Buch des Monats September 2013
Paris meets Nippon
Der "Geburtshelfer" versetzt Paris in Angst und Schrecken. Ein Serienmörder tötet schwangere Frauen auf bestialische Art und Weise, entnimmt die ungeborenen Föten und verbrennt diese. Kommissar Oliver Passan ist auf der scheinbar richtigen Spur und steht kurz vor der Überführung des Verdächtigen, des mit allen Wassern gewaschenen Autohändlers Guillard. Doch im Überschwang seiner Ermittlungen nimmt sich der cholerische Passan ein wenig zu viel heraus, muss ein gerichtliches Annäherungsverbot an Guillard akzeptieren, überschreitet jedoch weiterhin die Grenzen der Legalität und wird schließlich vom Fall abgezogen. Kann der Serienmörder nun ungestört weitermorden? Schweben noch mehr schwangere Frauen damit in Lebensgefahr?
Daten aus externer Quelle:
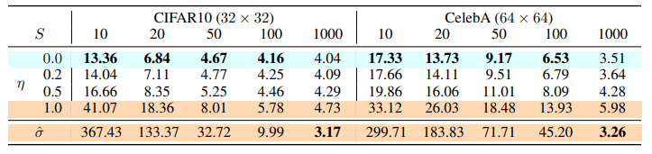아래 표는 $\tau$의 길이와 $\sigma$의 값에 따른 성능 측정 결과이다. $\hat{\sigma}$는 DDPM 논문 구현에서 CIFAR10 샘플들을 생성할 때 쓰이는 특별한 $\sigma$ 값이다.

Passan sollte es eigentlich nur recht sein, vom Fall entbunden zu sein. Denn seine akuten Eheprobleme mit seiner japanischen Ehefrau Naoko belasten ihn schwer. Die Scheidung steht unweigerlich vor der Tür, erste Maßnahmen zur Betreuung der beiden Söhne finden bereits ihre Umsetzung. Da geschehen einige seltsame Dinge rund um das Haus des Kommissars. Immer wieder finden sich Spuren eines Eindringlings. Will sich Guillard etwa persönlich an demjenigen Ordnungshüter rächen, der kurz vor seiner Überführung als "Geburtshelfer" stand? Doch allmählich kristallisiert sich eine viel größere Bedrohung für Passan, Naoko und ihre gemeinsamen Kinder heraus, die mit einem unausgesprochenen Geheimnis der Familie Passan zu tun hat, dessen Ursprung im Land der aufgehenden Sonne zu suchen ist.
"Die Wahrheit des Blutes" ist der neueste Thriller des bekannten französischen Schriftstellers Jean-Christophe Grangé. Hierzulande ist der Franzose vor allem durch die Verfilmung seines frühen Romans "Die purpurnen Flüsse" mit Jean Reno bekannt. In den vergangenen Jahren hat der Pariser Autor jedoch konsequent mit weiteren Thrillern überzeugt, die stets mit enormer Rasanz und einer gehörigen Portion Action daherkamen, aber auch gerne mit einer Prise Mystik gewürzt waren. In diese Kerbe schlägt auch Grangés neuestes Werk. Althergebrachte japanische Traditionen gelangen mehr und mehr ins Zentrum der Ermittlungen und lassen schließlich die Lösung des Falles genau dort vermuten.
Kommissar Passan ist ein großer Japan-Liebhaber, der alles verehrt, was mit dem Lande Nippon zu tun hat. Die Eheschließung mit einem japanischen Model war für ihn einst die Krönung seines Faibles und die Möglichkeit, die westliche Welt mit der fernöstlichen zu verschmelzen. Egal, ob japanische Musik, Literatur oder Kampfkunst - Grangé transportiert die Ferne Japans in "Die Wahrheit des Blutes" gekonnt ins hiesige Abendland. Schließlich findet sogar - ohne an dieser Stelle zu viel vorwegzunehmen - der rasante Showdown auf einer einsamen japanischen Insel statt.
Grangé hat für das vorliegende Werk einen ungewöhnlichen, weil zweigeteilten Aufbau gewählt. Nachdem sich der Handlungsstrang rund um den "Geburtshelfer" bereits in einem ziemlich frühen Stadium auflöst, erfolgt in der zweiten Halbzeit von "Die Wahrheit des Blutes" nochmal eine Steigerung von Spannung und Nervenkitzel. Da beim vorliegenden Hörbuch schon während der dritten CD der Fall des Serienmörders gelöst wird, ist der Hörer zunächst geneigt, den CD-Player auszuschalten und das Hörbuch zurück in den Schrank zu stellen. Doch wer Grangé kennt, weiß, dass dies nur der Aufgalopp für ein umso action- und spannungsreicheres Finale gewesen sein kann.
Die vorliegende gekürzte Lesung des Buches hat mit Martin Keßler, einem erfahrenen Synchron- und Hörbuchsprecher, eine gelungene Besetzung erfahren. Keßler versteht es hervorragend, mit seiner Stimme Rasanz sowie Spannung zu transportieren. Nach dem scheinbaren Bruch auf der dritten CD nimmt Keßler den Hörer mit auf eine atemberaubende Reise durch die japanische Kultur und zum Inselstaat im pazifischen Ozean. Die sechs CDs erstrecken sich über knapp sechseinhalb Stunden, die bei einer solch spannenden Story und der beschleunigenden Lesung Keßlers wie im Fluge vergehen.